Ok, so first of all, the Jacobi identity is always true for the covariant derivative. If $\psi$ is a section of any vector bundle on which the covariant derivative acts (indices suppressed), we have $$ [\nabla_i,[\nabla_j,\nabla_k]]\psi=\nabla_i[\nabla_j,\nabla_k]\psi-[\nabla_j,\nabla_k]\nabla_i\psi \\ = \nabla_i\nabla_j\nabla_k\psi-\nabla_i\nabla_k\nabla_j\psi-\nabla_j\nabla_k\nabla_i\psi+\nabla_k\nabla_j\nabla_i\psi. $$ If we take the cyclic sum, we get $$[\nabla_i,[\nabla_j,\nabla_k]]\psi+\text{cyclic} =\color{red}{\nabla_i\nabla_j\nabla_k\psi}+\color{green}{\nabla_j\nabla_k\nabla_i\psi}+\color{purple}{\nabla_k\nabla_i\nabla_j\psi} \\ -\color{blue}{\nabla_i\nabla_k\nabla_j\psi}-\color{brown}{\nabla_j\nabla_i\nabla_k\psi}-\nabla_k\nabla_j\nabla_i\psi \\ -\color{green}{\nabla_j\nabla_k\nabla_i\psi}-\color{purple}{\nabla_k\nabla_i\nabla_j\psi}-\color{red}{\nabla_i\nabla_j\nabla_k\psi} \\ +\nabla_k\nabla_j\nabla_i\psi+\color{blue}{\nabla_i\nabla_k\nabla_j\psi}+\color{brown}{\nabla_j\nabla_i\nabla_k\psi}. $$ The identically colored pairs cancel pairwise, hence the Jacobi identity is true for the covariant derivative.
What (apparantly) stumps OP is that if the covariant derivatives are expanded explicitly, we get - combined with the Jacobi identity - a nontrivial identity.

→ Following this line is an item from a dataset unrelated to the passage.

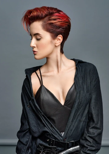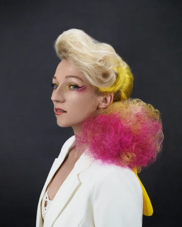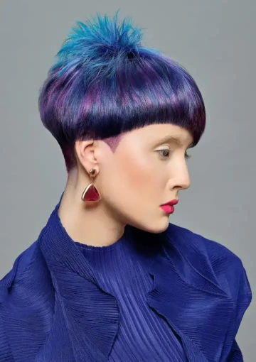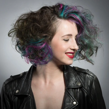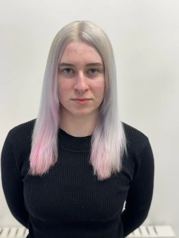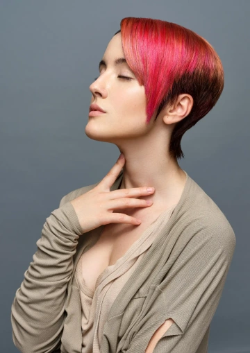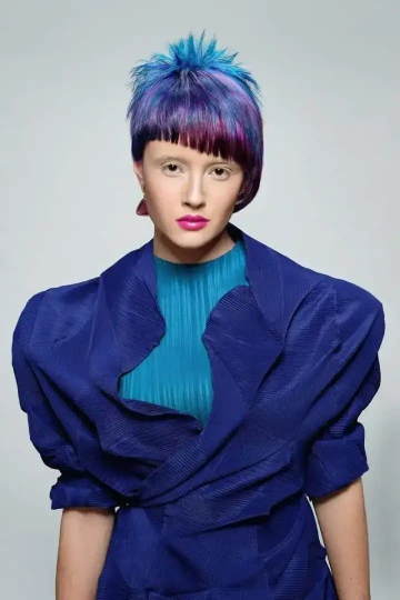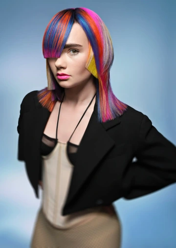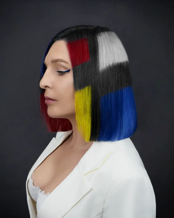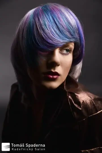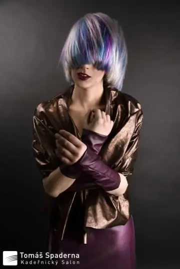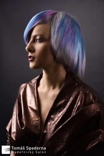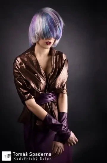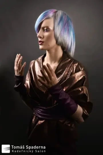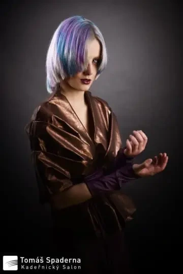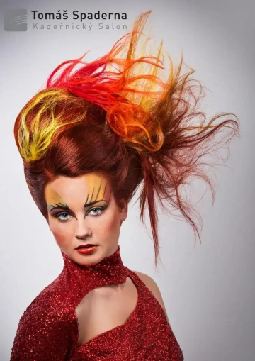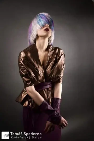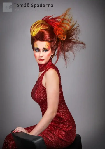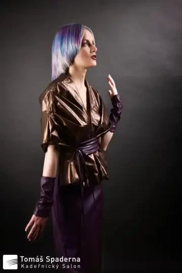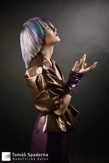Modelce jsme vytvořili střih geometrických tvarů, který jsme zvýraznili barvícími technikami s extravagantními barvami Elumen. Celkový koncept jsme podtrhli výběrem oblečení, který kombinuje extravaganci s elegancí. Modelku bylo nutné si připravit tak, že jsem jí odbarvil na čistou blond a teprve pak pomocí technik nanesl výsledné barvy. V soutěži jsme se umístili na třetím místě v rámci celé České Republiky.

Which is btw faulty in the OP.
For a scalar field $\phi$, the Ricci identity is $$ [\nabla_i,\nabla_j]\phi=-T^k_{\ ij}\nabla_k\phi, $$ whereas for a covector field $\omega_i$, the Ricci identity is $$ [\nabla_i,\nabla_j]\omega_k=-R^l_{\ kij}\omega_l-T^l_{\ ij}\nabla_l\omega_k. $$
We thus get $$ [\nabla_i,[\nabla_j,\nabla_k]]\phi=\nabla_i([\nabla_j,\nabla_k]\phi)-[\nabla_j,\nabla_k]\nabla_i\phi=\nabla_i(-T^l_{\ jk}\nabla_l\phi)+R^l_{\ ijk}\nabla_l\phi+T^l_{\ jk}\nabla_l\nabla_i\phi \\ =(R^l_{\ ijk}-\nabla_i T^l_{\ jk}+T^p_{\ jk}T_{\ ip}^l)\nabla_l\phi, $$ hence we get the relation (the cyclic permutation is up to a constant factor same as the antisymmetrization) $$ R^l_{\ [ijk]}=\nabla_{[i}T^l_{\ jk]}-T^l_{\ [i|p|}T^p_{\ jk]}. $$
This is nothing else than the "algebraic" Bianchi identity (which is only truly algebraic if the torsion vanishes), which has been obtained as a consequence of the Jacobi identity.